---------- Exercise data

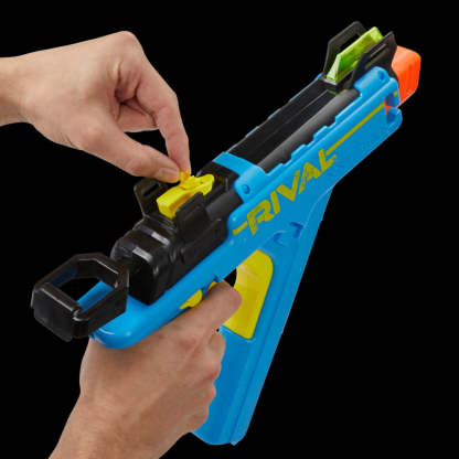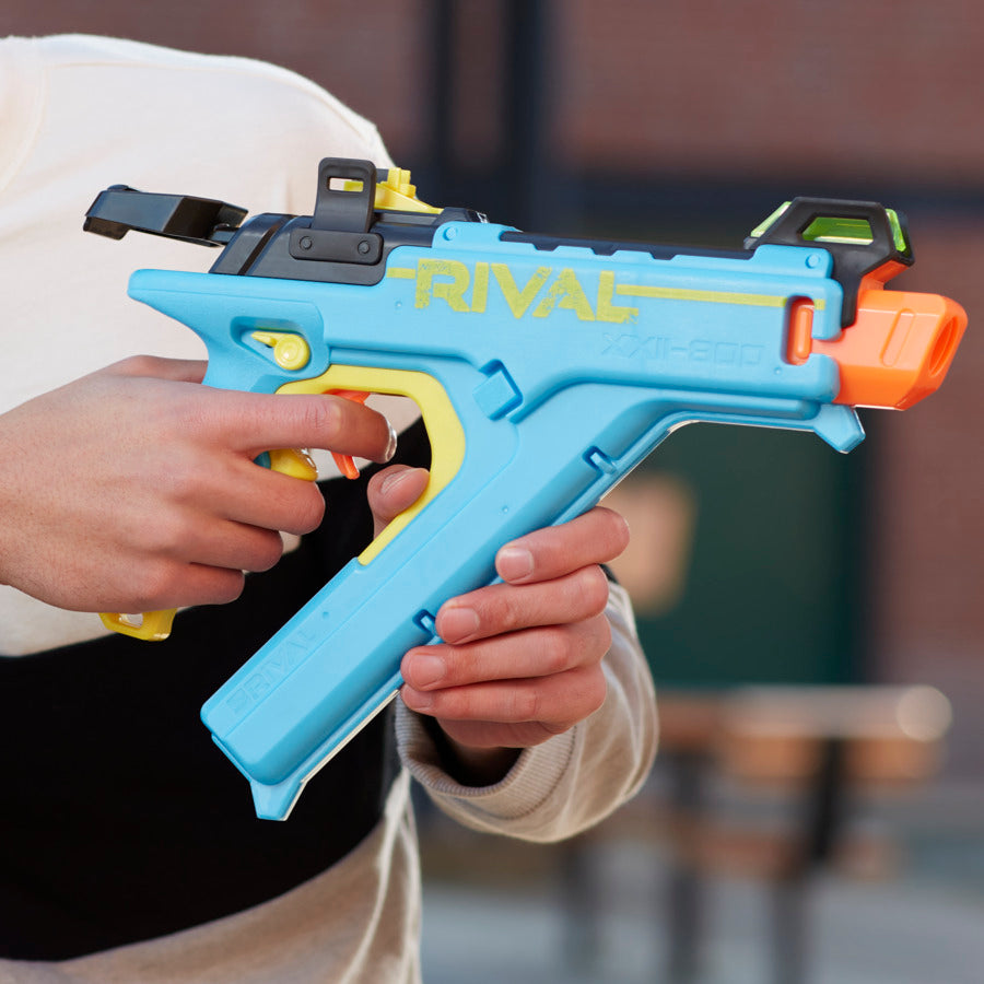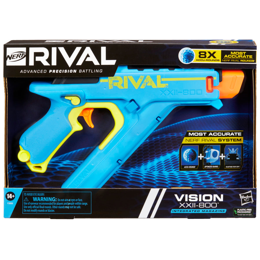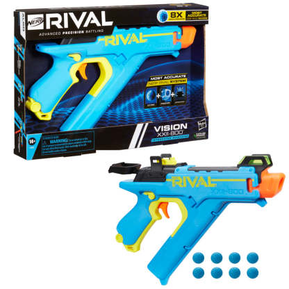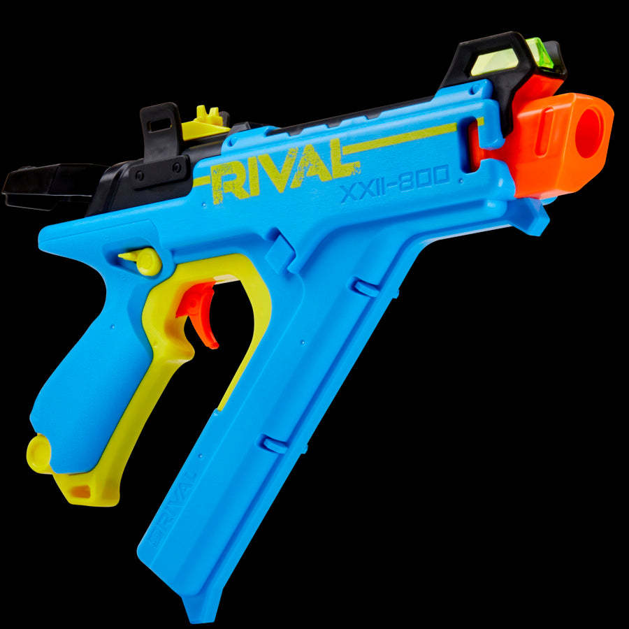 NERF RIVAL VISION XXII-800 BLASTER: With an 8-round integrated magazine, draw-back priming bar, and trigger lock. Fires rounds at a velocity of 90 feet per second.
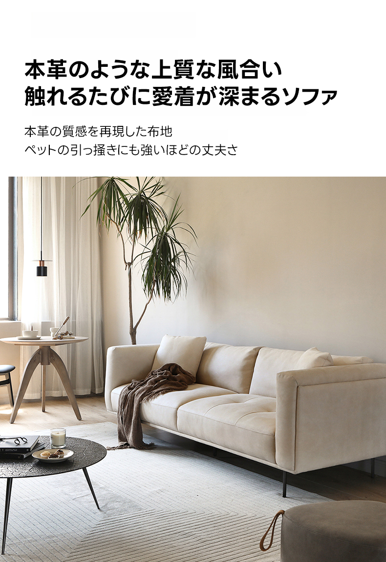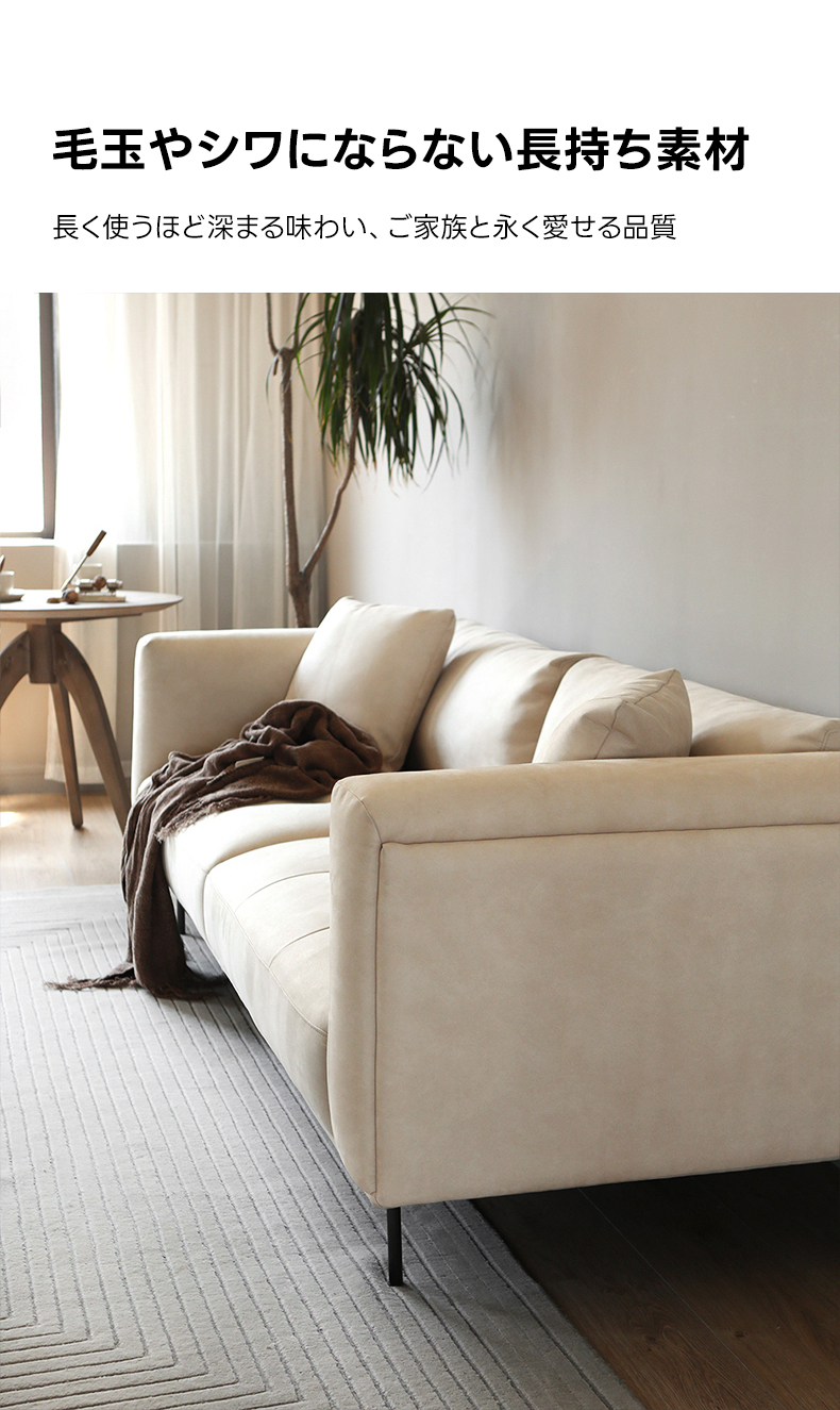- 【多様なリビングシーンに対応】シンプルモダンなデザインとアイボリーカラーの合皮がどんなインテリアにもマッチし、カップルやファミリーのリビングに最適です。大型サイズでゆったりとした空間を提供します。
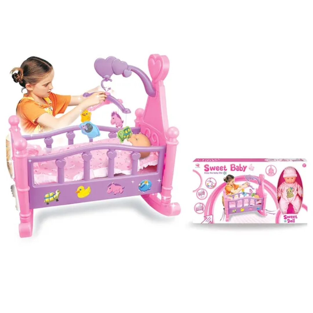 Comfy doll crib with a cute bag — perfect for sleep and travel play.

--------------------

### Task statement
The answer should consist only of the lines from the line with "- 【多様なリビングシーンに" through the last line of the data, repeated exactly; pictures stay out.

### Task output
- 【多様なリビングシーンに対応】シンプルモダンなデザインとアイボリーカラーの合皮がどんなインテリアにもマッチし、カップルやファミリーのリビングに最適です。大型サイズでゆったりとした空間を提供します。
 Comfy doll crib with a cute bag — perfect for sleep and travel play.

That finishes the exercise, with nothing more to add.